Nick flipped the lid on the case to reveal a hypodermic needle, syringe, and two ampules of what he hoped was a surefire antidote to plague.
New bundle in hand, Nick paused before her door and listened. He could hear faint movement, like pacing, beyond the door.
He rapped twice with a single knuckle, paused, and rapped again. He knew it was only his imagination, but he was sure he heard a gasp of surprise seep through the thin wood panel.
"Nick…?"
"You expecting someone else?"
There was a moment's pause. Just long enough, Nick thought, for her to compose herself.
The chain rattled, the lock turned, and the door opened wide.
She stood calm, cool and composed in a traveling suit of some tweedy material. Beneath the jacket, a flouncy white silk blouse went all the way to her neck and disguised the marvelous contours of her breasts.
At the moment, Hela was far from on the make.
"Nick — thank God."
She came into his arms, throwing her own around his neck. Her scent filled his nostrils and her body felt soft and warm. Over her shoulder he saw her two bags sitting neatly in the center of the room.
"You're efficient."
"What?" No alarm in her voice, and only a slight tic at the corner of one eye when she backed off to face him.
Nick nodded his head toward the luggage. "You're packed, you're dressed, you're ready to roll."
"Oh, yes." She didn't stumble, but the pause said a lot. "I know we weren't scheduled to leave for Bern until morning, but I thought I'd be ready tonight just in case your plans changed."
"My plans?"
She shrugged as he moved by her into the room. "I thought if everything went all right, you might want to leave early."
"Yeah, you're right — I might have." He slumped wearily into an overstuffed chair and made a point of dropping the twine-covered sheaf of papers on the coffee table beside him. "But as beat as I am now, all I can think of is sleep."
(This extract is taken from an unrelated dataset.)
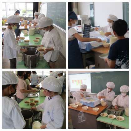 写真は、4年生の準備の様子です。マーボー春雨は、お玉ですくってお椀につけると、春雨がぴょんと飛び出てしまいます。当番の子たちは、きれいに配膳できるように、丁寧にもりつけていました。みんなで協力して準備を進め、今日も笑顔で「いただきます!」
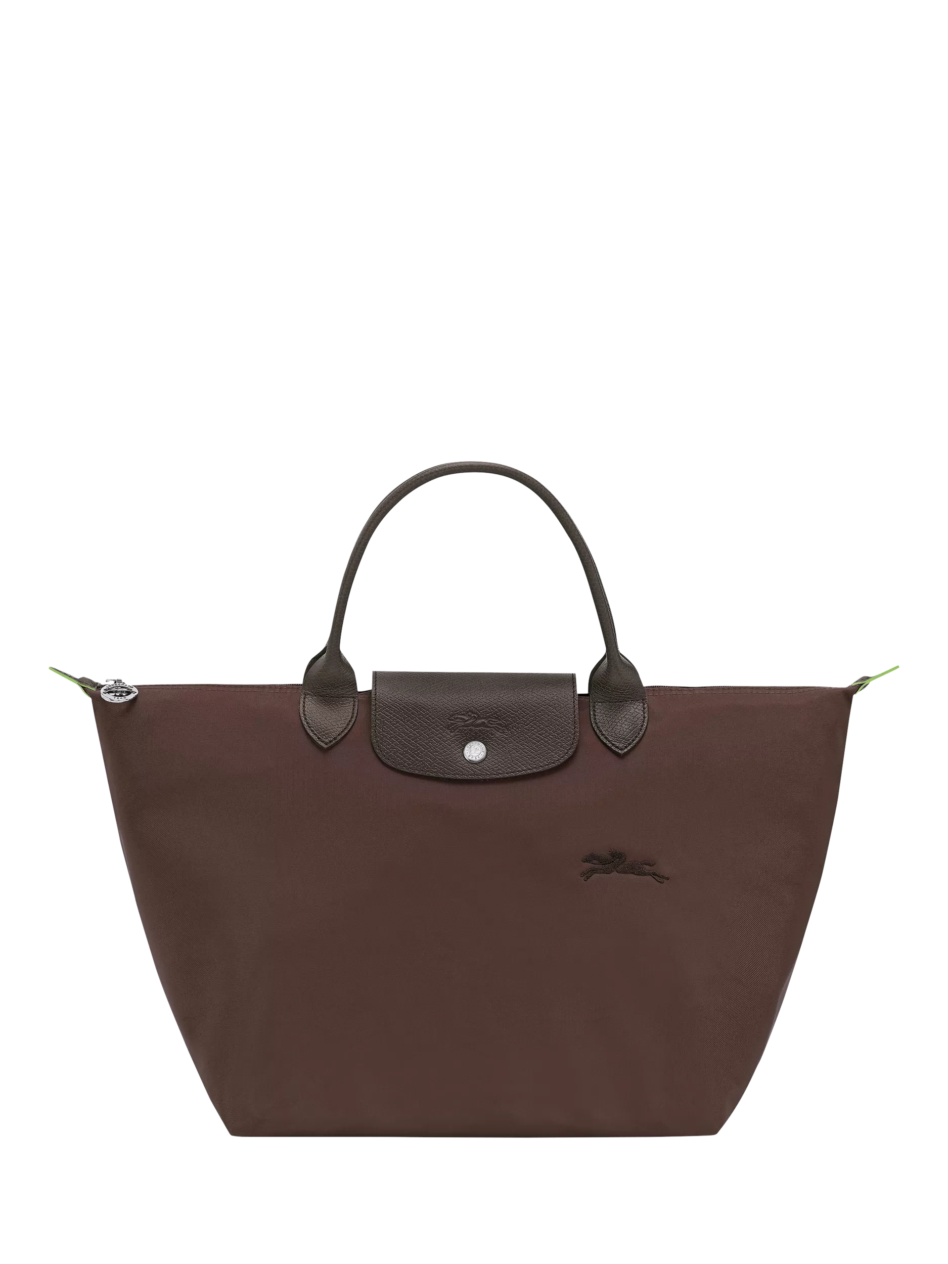The bag follows strong codes, like the horse embroidery, and has tone-on-tone Russian leather trimmings characteristic of Longchamp.

It took all the willpower she could muster not to glue her eyes to the papers. As it was, she let them stray twice, and Nick could sense how hard it was for her to return her gaze to his.
"Is that…?"
Nick nodded. "The very same; the Dealer's famous diaries, and they're bloody as hell."
"What?"
The old man who had them, his housekeeper, and the guy I hired to set up the hit — all dead."
"You…?"
"Just one of them. The guy I hired. He turned out to be a double, the Dealer's man. I shot him and then broke his neck»
"He's dead?" she said.
"Very." Her reaction had been tense to that point. Now, even though it was barely perceptible, Nick could see her calm. "Got anything to drink in your bag?"
"No."
Nick tossed her his room key. "There's a pint of Scotch in a leather case on the bureau in my room — mind?"
"Of course not."
She moved through the door. Nick traced her movements by sound as he lit the last cigarette in his pack. The smoke burned deeply in his lungs, the pain of it momentarily jolting away the weariness in his body.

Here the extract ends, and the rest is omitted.